Wednesday, September 17, 2008

Cabin Cooking: Homemade Ice Cream

What better way to cool off on a hot day than with homemade ice cream. When we are at our float cabin, ice can be hard to come by. We have a propane refrigerator, but the small freezer is usually full. Towards the end of the week there's finally enough space to make a bag of ice. I researched to find a small manual ice cream maker. What I purchased was the Play and Freeze Ice Cream Maker by Industrial Revolution ( I got mine at REI. You can get it online or at a store near you. I have the pint size. There's also a quart version.

Ice cube trays filled half way work best. After I have a one quart plastic bag filled I'm ready to go. Directions for making ice cream are simple. Fill the ball with as much ice as it will hold. Add 1/2 cup rock salt to the ice to increase its freezing power.

Here is the recipe I use.

1 pint of half and half
1 1/2 teaspoon vanilla
1/3 cup plus 2 tablespoons sugar

Cream makes a smoother ice cream. When I am at the cabin, I use a can of Carnation Thick Cream (but it's getting hard to find) mixed with enough canned milk to make the one pint of liquid. Mix your ice cream ingredients and place them in the other end of the ball.

Now shake or roll the ball to make ice cream. I've found it takes longer than advertised. I open the container at 10 minutes and scrape the sides with a plastic spoon. Otherwise, it freezes hard on the outside and remains liquid in the middle. I check it every 5 minutes and repeat as necessary. I also add more ice if room permits.

I pre-chill an aluminum bowl. When the ice cream is of soft serve consistency, I transfer it to the aluminim bowl and put it in the freezer to harden. At this point I might add chocolate chips, coconut or frozen berries to make a custom flavor. The possibilities are endless. I've even put it in a graham cracker crust to make an ice cream pie. The possibilities are limitless.

Want to create an ice cream maker of your own? Click here for directions using baggies or coffee cans. No matter how you make it, ice cream makes a yummy treat. -- Margy


  1. Clarification please --

    do you mean when you're at home you use half and half and when you're at the cabin you use the carnation and canned milk in place of it?

    Or, do you mix all of these ingredients together at home and at the cabin?

    How long does it take for it to turn into ice cream? Is it more like 10 to 15 minutes?
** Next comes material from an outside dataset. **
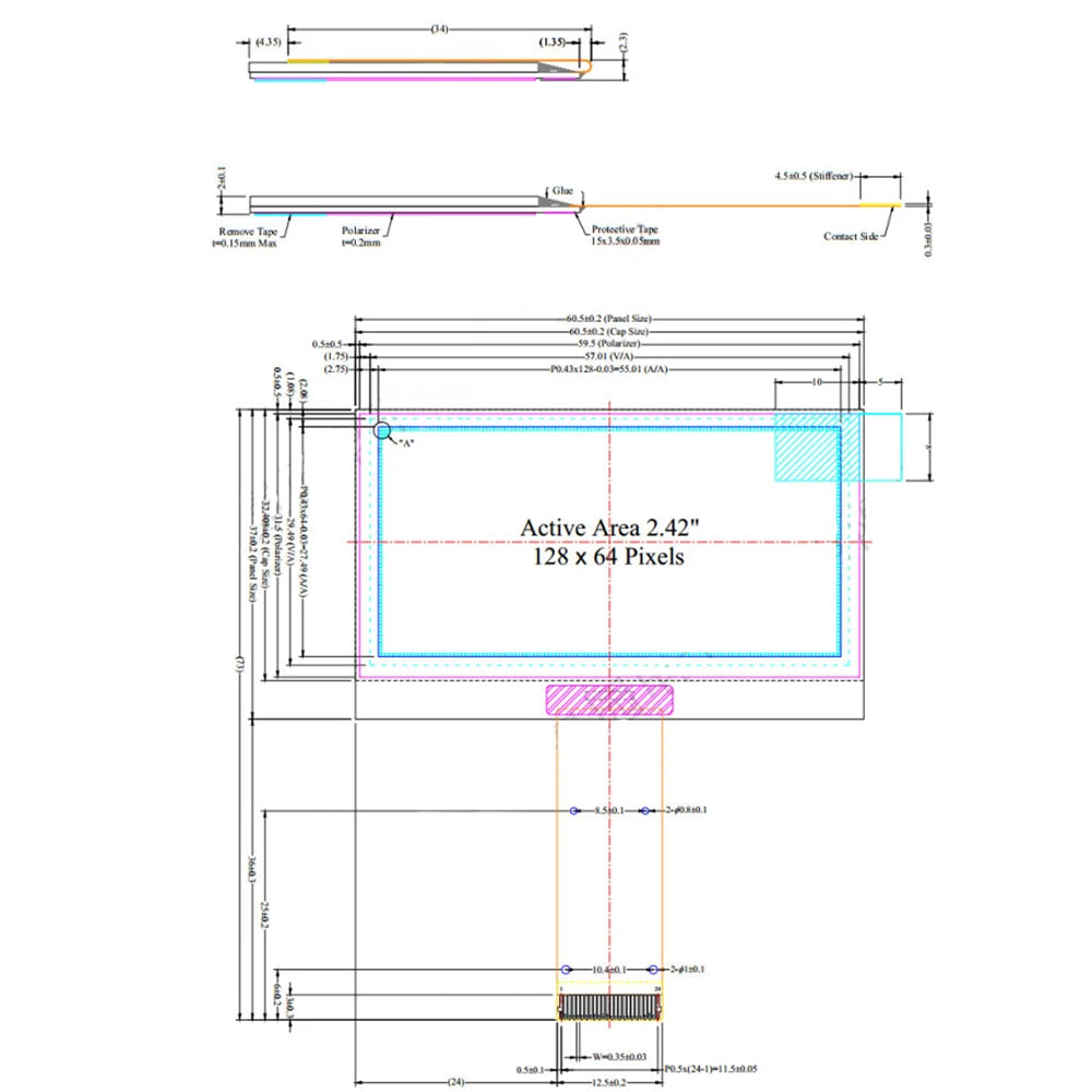 Connection method: 0.5mm pitch, plug-in FPC

  2. The first time I made ice cream with my ball I used 2% milk. It froze so hard that it was difficult to scrape off the sides. The recipe that came with the maker recommended half and half for richer ice cream, so that is what I tried next. It was much better, but I don't always have it at the cabin (that's the only place I make ice cream).

    I found the Carnation canned thick cream and decided to give it a try. It is really thick and rich. If I have enough half and half, I use that for the remaining liquid. If not, I use canned milk (a staple I always have on hand). The half and half tastes better, but the canned milk version isn't bad, especially if I am adding other flavorings.

    The time is usually about 20 minutes. If it takes longer I go ahead and transfer it to the cold aluminum bowl and let the freezer finish it for me.

    It isn't a perfect ice cream maker, but for such a simple device it produces a tasty treat for summer days.

  3. That sounds delicious.
    And ice cream pie---yummy!

    Bear((( )))

  4. Homemade ice cream! Yum!

    You scream
    I scream
    We all scream for
    Ice Cream!

  5. This is really clever! Great info!

  6. Even on a chilly and damp day like today, I came racing over to check out your icecream! What a great idea that is.

  7. Margy, thanks for the invitation for ice cream! I've always wondered how these work. What a fun post and perfect 'i' word for today.
    Happy weekend!

  8. When my kids were small, I made ice cream with an ice-cream maker, but I don't know whatever happened to it. Yours sounds delish!

  9. Mmmmmmmmmmmm! I was just thinking of an icecream!